Welcome to another edition of Business Twitter, where we collect the best tweets to come out of Silicon Valley so you don’t have to. This article is part of a newsletter — if you want a weekly Business Twitter roundup sent to your inbox every Friday, subscribe here.

This week: VC Li Jin sparks a Twitter debate on whether venture capitalists should be inspired by socialist thinkers like Karl Marx, an explainer on how to buy and trade NFTs, and a VC explains why some startup pitches get rejected.

1. A Marx-inspired VC

Perhaps the biggest debate on Twitter involved Li Jin, former VC at Andreessen Horowitz and founder of Atelier Ventures. In a recent profile by Taylor Lorenz for The New York Times, Jin was described as being “inspired by the ideas of Friedrich Engels and Karl Marx.”

The article continues: “Ms. Jin is also aggressively pro-worker. She has made it clear in podcasts and her Substack newsletter that creators should get the same rights as other workers.”

Some other venture capitalists weren’t happy to see someone in their field embracing socialist thinkers, including Mike Solana, vice president of Founders Fund (a firm co-founded by noted conservative Peter Thiel). 

“When a tiktok teen or journalist or whatever says they're into communism it's just like okay, you're mistaken, what do you even mean by that?” Solana wrote. “Let's talk about this. when a VENTURE CAPITALIST takes a break from her greek vacation to say she's "inspired by marx"??? Folks I REFUSE.”

Delian Asparouhov, another Founders Fund VC, wrote, “It's in the name, we are venture CAPITALISTS. How are you inspired by KARL MARX, a SOCIALIST.”

Will Manidis, founder of healthcare startup ScienceIO, wrote, “Imagine a vc telling you she's into marx and then asking for 10% of your company for no labor lmao.”

2. How to buy your first NFT

NFTs aren’t going anywhere. In fact, sales volumes recorded on OpenSea, the largest NFT trading platform, hit $1.9 billion in August alone. 

For those of you looking to buy or trade your first NFT, Color Capital VC Chris Cantino wrote a useful thread on how to get started. According to Cantino, “Buying NFTs is easier and less risky than it seems.”

“It’s OK to be skeptical,” Cantino continued. “Look at it like this. Potential downside: you “waste” a small amount of money.
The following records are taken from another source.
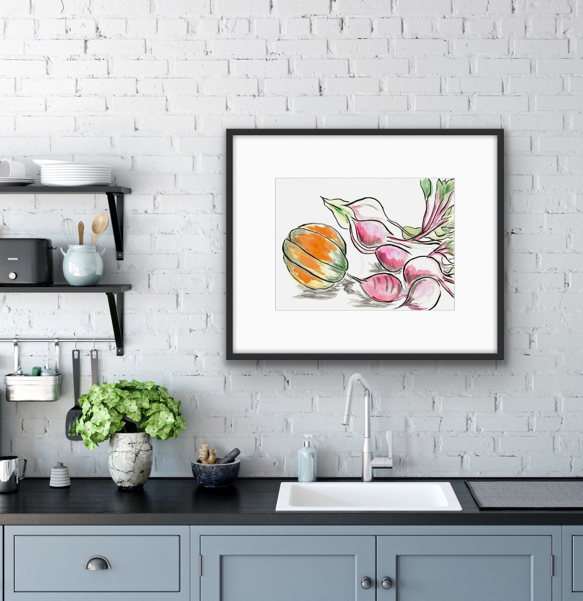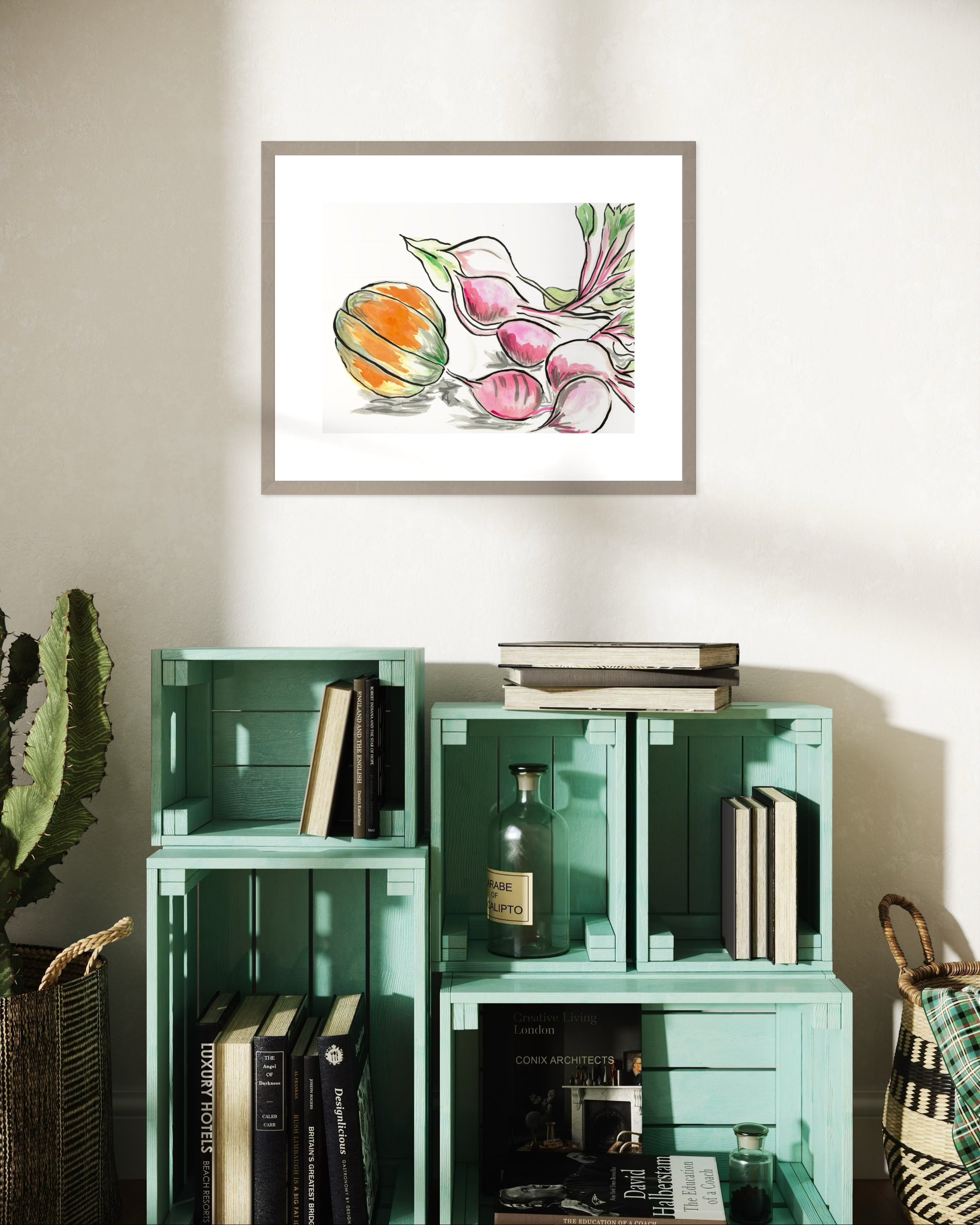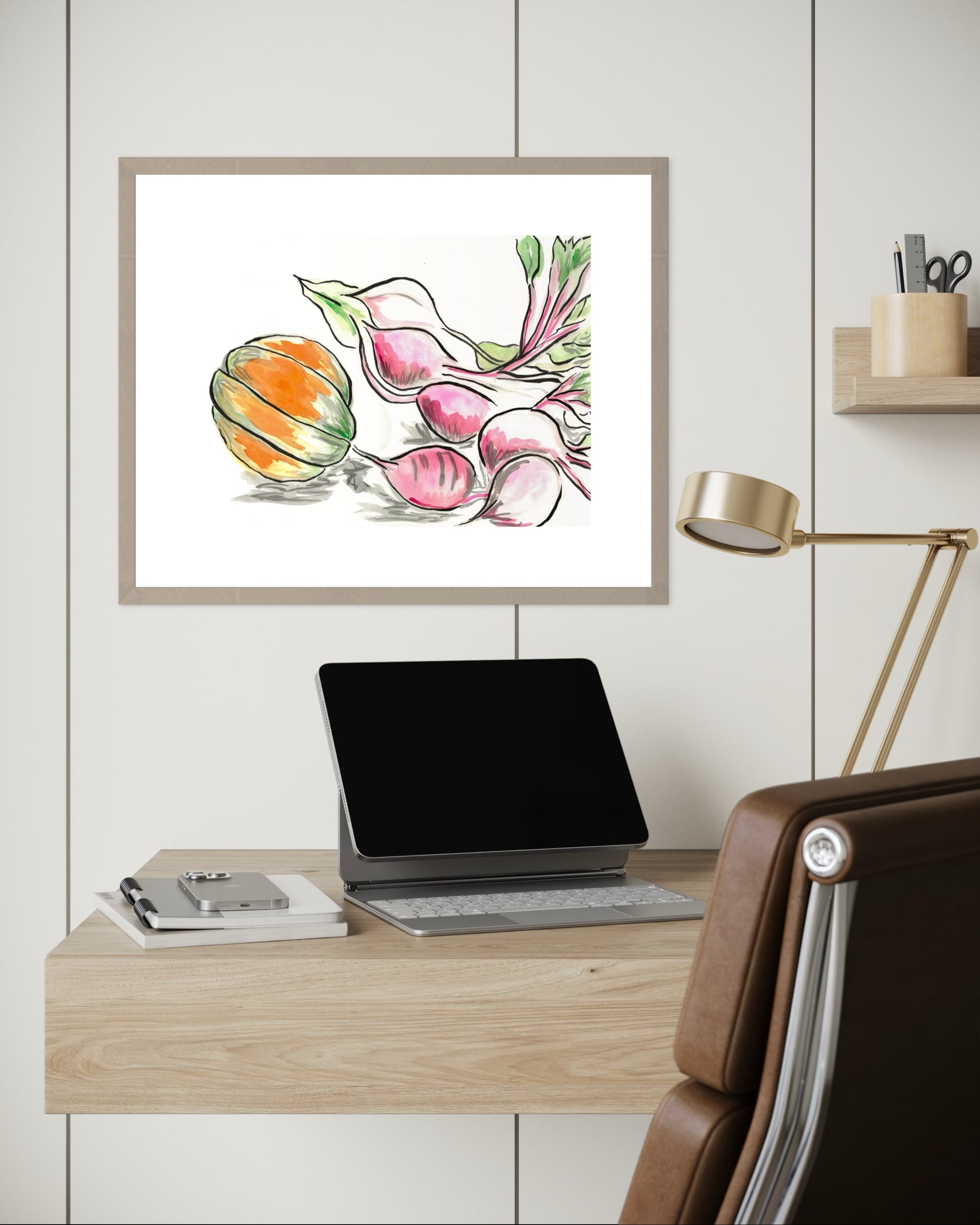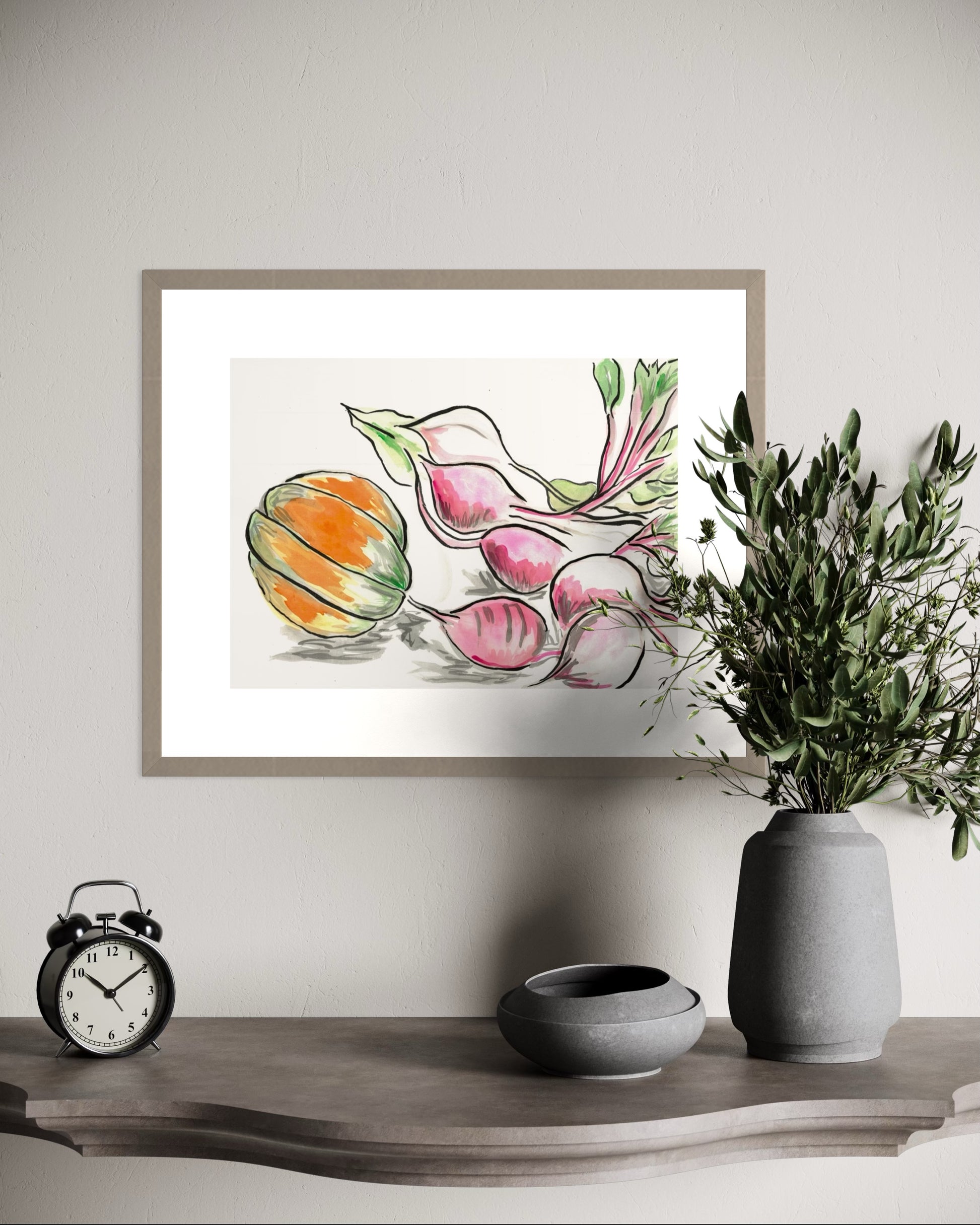 Beetroot and Pumpkin is a heartfelt celebration of the joy found in simple, everyday moments. Inspired by the experience of growing and harvesting our own butternut pumpkin, this artwork captures the warmth and beauty of homegrown produce. The delicate hues of the pumpkin and rich tones of the beets create a sense of coziness, bringing a peaceful, homely atmosphere to any space.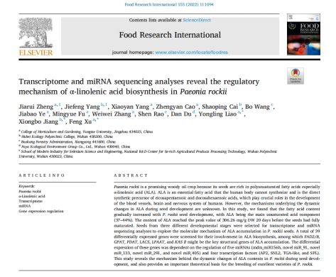 近日,我中心2021级博士研究生郑嘉瑞在国际学术期刊《Food Research International》(农林科学1区,影响因子6.475)上发表了题为“Transcriptome and miRNA sequencing analyses reveal the regulatory mechanism of α-linolenic acid biosynthesis in Paeonia rockii”的研究论文。郑嘉瑞博士为第一作者,廖咏玲讲师和许锋教授为共同通讯作者,世界杯2026官方网站为第一署名单位。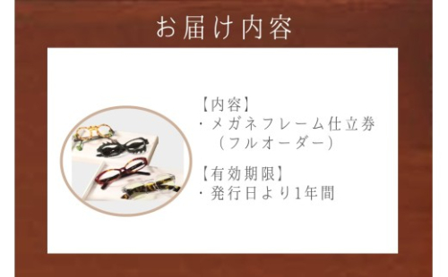 - フルオーダーメガネフレーム仕立券(6,000円分)1枚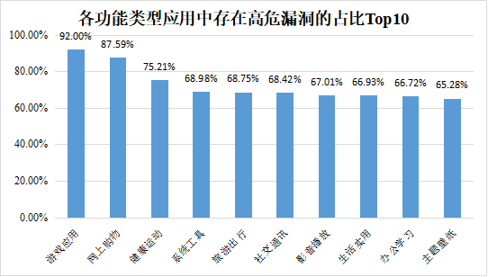 从存在高危漏洞的各功能类型应用在同类型已检测的应用中的占比情况来看,游戏类、网上购物、健康运动类中,存在高危漏洞的应用占比分别为92.00%、87.59%、75.21%,均在75%以上,如图2-4所示。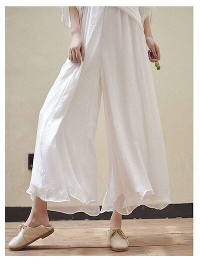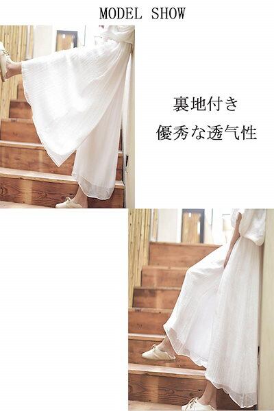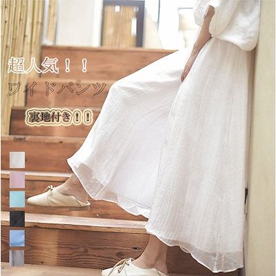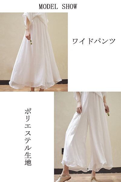 ワイドパンツ スカンツ レディース スカートパンツ ワイド ロングパンツ 無地 長ズボン ガウチョパンツ 前垂感 ウエストゴム ハイウエスト ふんわり シワ感 リゾート ゆったり ボトムス カジュアル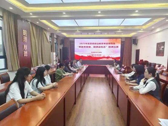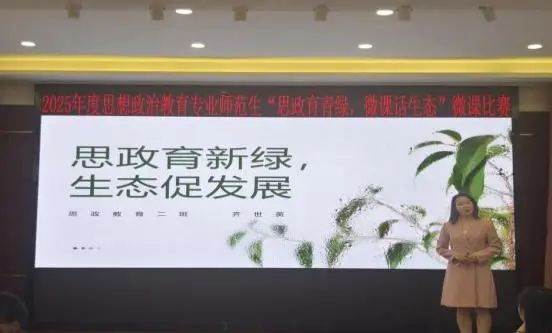为进一步培养师范生教学能力,提升师范生的教学实践能力与生态文明素养,马克思主义学院精心筹备并举办 2025 年度 “思政育青绿,微课话生态”思想政治教育专业师范生微课比赛。4 月 30 日下午,决赛在理论大讲堂举行。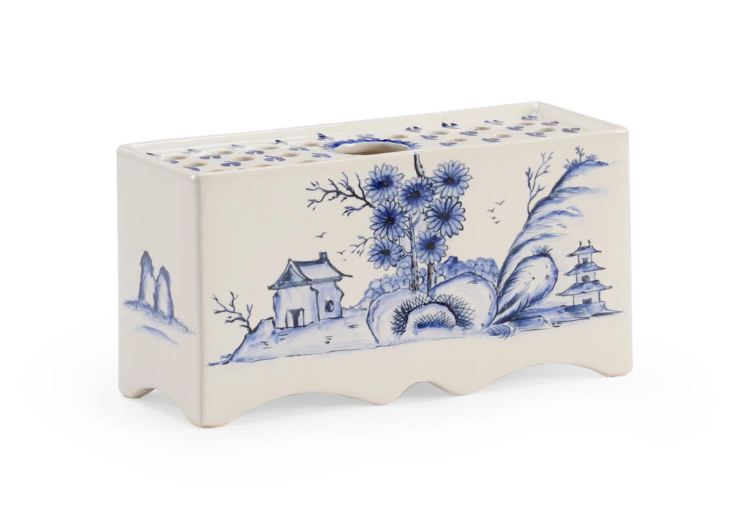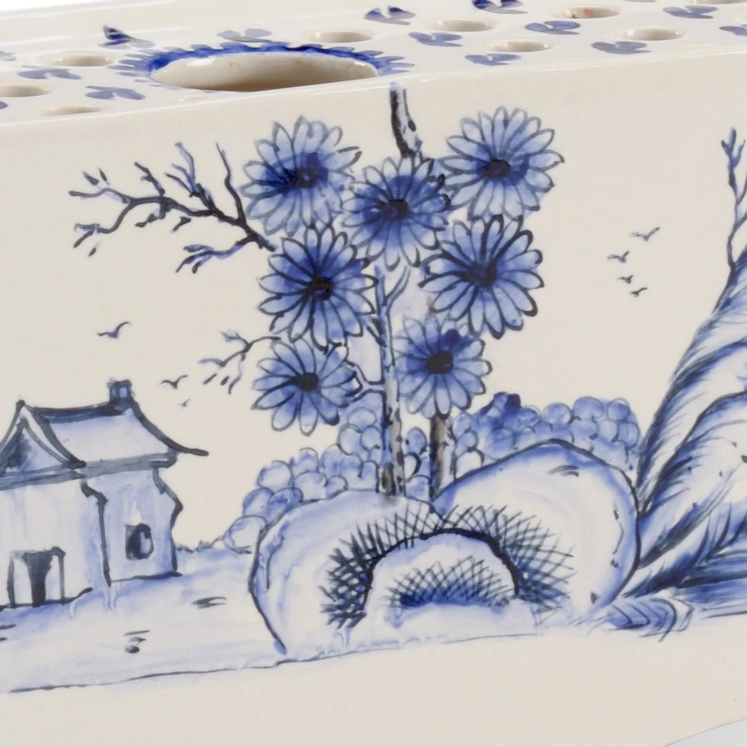 Hand Painted Antique Reproduction Delft Flower Brick With Shaped Bottom.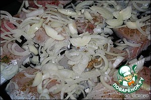 Режем кольцами лук и раскладываем равномерно вторым слоем.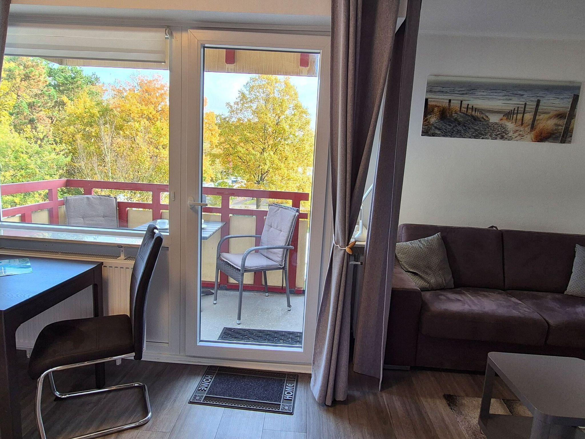 Das Appartement 36 ist ein 2-Raum-Appartement im 3. Obergeschoss für bis zu 4 Personen mit 26 qm. Der möblierte Ostbalkon bietet morgens Sonne und nachmittags Schatten.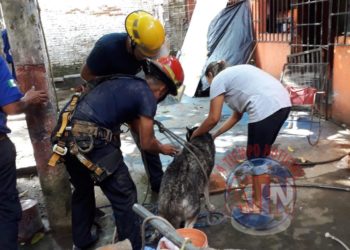 Canino cae a un pozo y fue rescatado por bomberos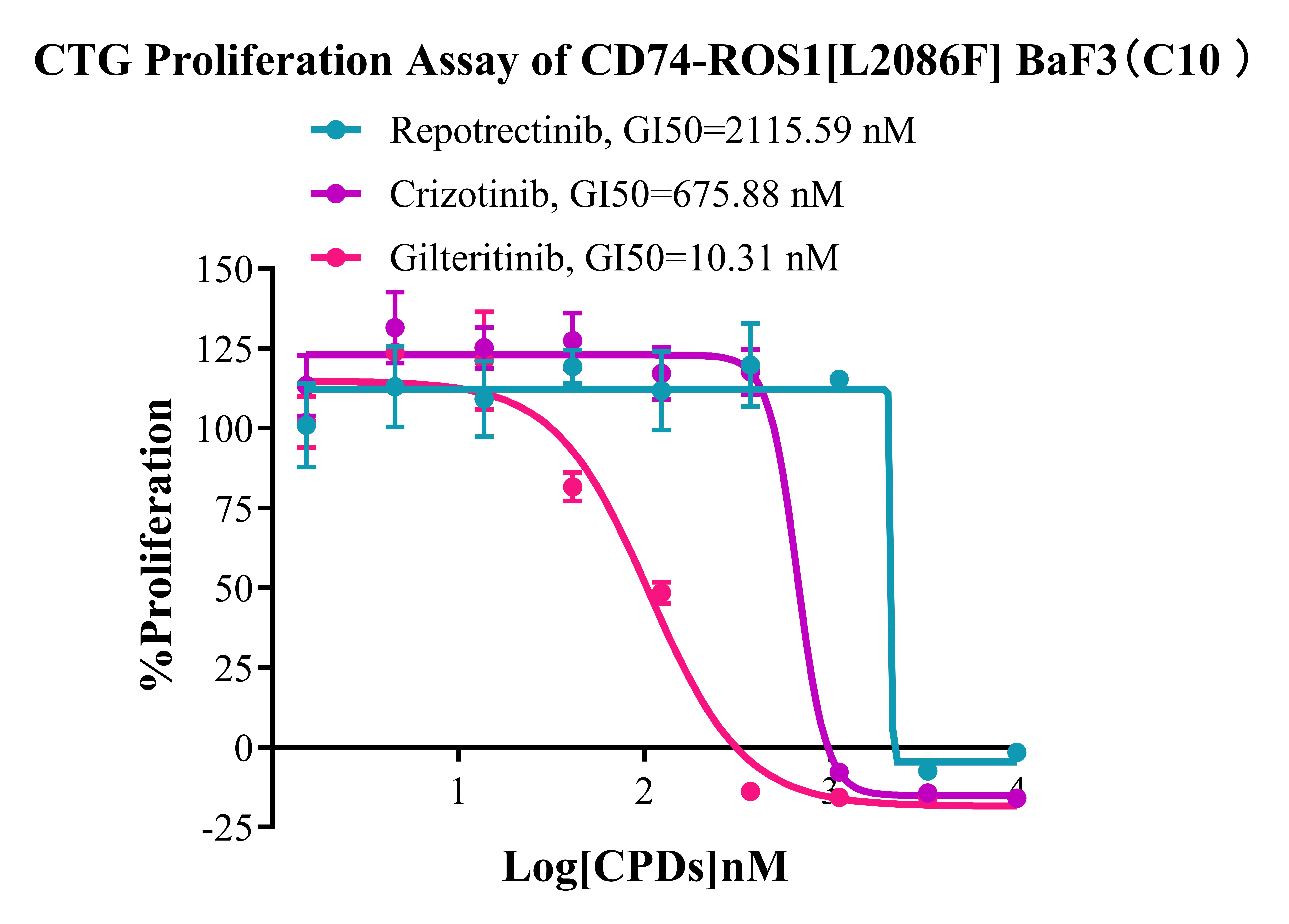 Figure 4. CTG Proliferation Assay of CD74-ROS1 [L2086F] BaF3( C10). |

Potential upside: you make a life-changing amount of money. What’s guaranteed: NFT ownership, community access, and learning about this incredibly promising technology.”

Cantino’s guide explains how to navigate the OpenSea platform, how to set up a digital wallet app, how Ethereum works on Coinbase, why mints are the best NFTs to buy, and where to find out about upcoming mints. 

3. Why good companies don’t get funded

Sajith Pai is a VC at Blume Ventures, which focuses on seed stage tech ventures. His firm gets over 3,000 startup pitches per year, though it can only fund 10-12 of them. Pai wrote a thread explaining why some startups just don’t make the cut.

In most cases, pitches are rejected because the startup is too late or early for Blume, the firm has already invested in one of its competitors, or otherwise doesn’t fit Blume’s investment criteria.

Even when a startup does everything right, the competitive nature of venture capital means that it still might not get funding. 

“Sometimes we reject very good companies, which pass all of the above criteria because there is another company ahead of it in the mental stackrank, one which we believe is even better poised to be a bigger hyperscaled startup,” Pai wrote.

Ultimately, Pai concluded, it’s not just about stats, but a VC’s gut feeling. “Now, these stackranks are fundamentally subjective. There is no objective truth to why a startup is higher than another in the stackrank. It boils down ultimately to gut / intuition honed over years of experience and supported by high quality analysis.”